Re: A proposal to enhance RISC-V HPM (Hardware Performance Monitor)

Anup Patel

Hi Alan,


Thanks for the data points. The proposed SBI_PMU_COUNTER_CONFIG_MATCHING will helps us minimize SBI calls for configuring HPMEVENT CSR. I am not sure if you have considered latest SBI PMU extension proposal for benchmarking.


My question in-context of Hypervisors is still unanswered. The existing HPMCOUNTER CSRs are in read-only CSR range. We will need separate CSR range from S-mode Read-Write CSRs. Further, we will also need separate CSRs from HS-mode to save-restore VS-mode HPMCOUNTER CSRs states.


A more general question is that is it worth to add so many CSRs and add increase overhead for Hypervisors just to make HPMCOUNTER writeable form HS-mode and VS-mode. We should also consider the fact the Linux perf will be mostly used for debugging and analysis.





From: tech-privileged@... <tech-privileged@...> On Behalf Of alankao
Sent: 18 August 2020 14:12
To: tech-privileged@...
Subject: Re: [RISC-V] [tech-privileged] A proposal to enhance RISC-V HPM (Hardware Performance Monitor)



Hi Anup,


Fair enough.  Of course, your conclusion is totally correct: "we CAN EASILY set the HPM* ...," but the real question here is in point 1: Are counter updates really that in-frequent so?  So far, nobody provided any convincing pieces of evidence. Yet, I would like to share our findings from an out-of-the-box experiment.


The system for testing is a 4.17-based Linux branch which contains andes_pmu patch, running on our A27 design on FPGA.  The testing command was 


time perf record -e cache-references ./whestone


where "cache-references" is an andes_pmu cache event and the target program is a normal whestone executable.  We tested three different settings,


Baseline: all HPM CSRs are written in S-mode using plain csr_write.

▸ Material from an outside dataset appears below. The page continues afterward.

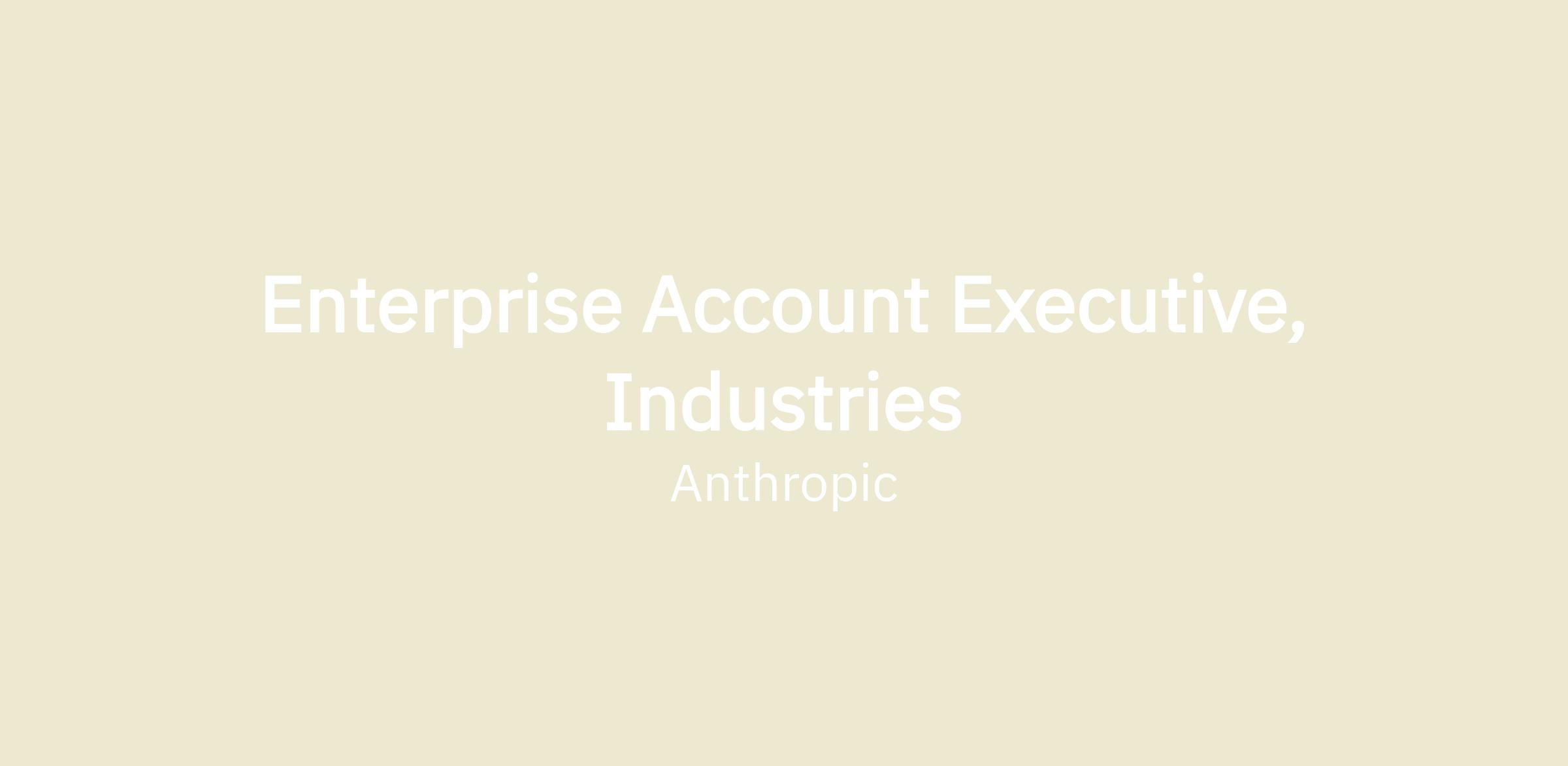 As an Enterprise Account Executive at Anthropic's Industries team, you'll drive the adoption of safe, frontier AI by securing strategic deals with top enterprises, unlocking new value streams throughout their business. You'll leverage your consultative sales expertise and technical acumen to propel revenue growth while becoming a trusted partner to customers, helping them embed and deploy AI while uncovering its full range of capabilities. In collaboration with GTM, Product, Engineering, and cross-functional teams, you'll continuously refine our value proposition, sales methodology, and market positioning to ensure differentiated value across the landscape.

SBI1: HPM counter CSRs are written with SBI calls.
SBI2: HPM counter and event CSRs are written with SBI calls.

We ran each of them 20 times and calculate the average of "real" part of the output.  It turns out that, (in seconds)
Baseline:  23.131
SBI1: 24.840 (increasing 7.4% more time from baseline)
SBI2: 25.691 (increasing 11.1% more time from baseline)

Considering the result, does the write-enable bit count as a benefit now?
Also, it's perfectly fine that QEMU virt platform doesn't support PMUs which allow S-mode to write HPM CSRs, so I don't think #279 answers #280 and #278.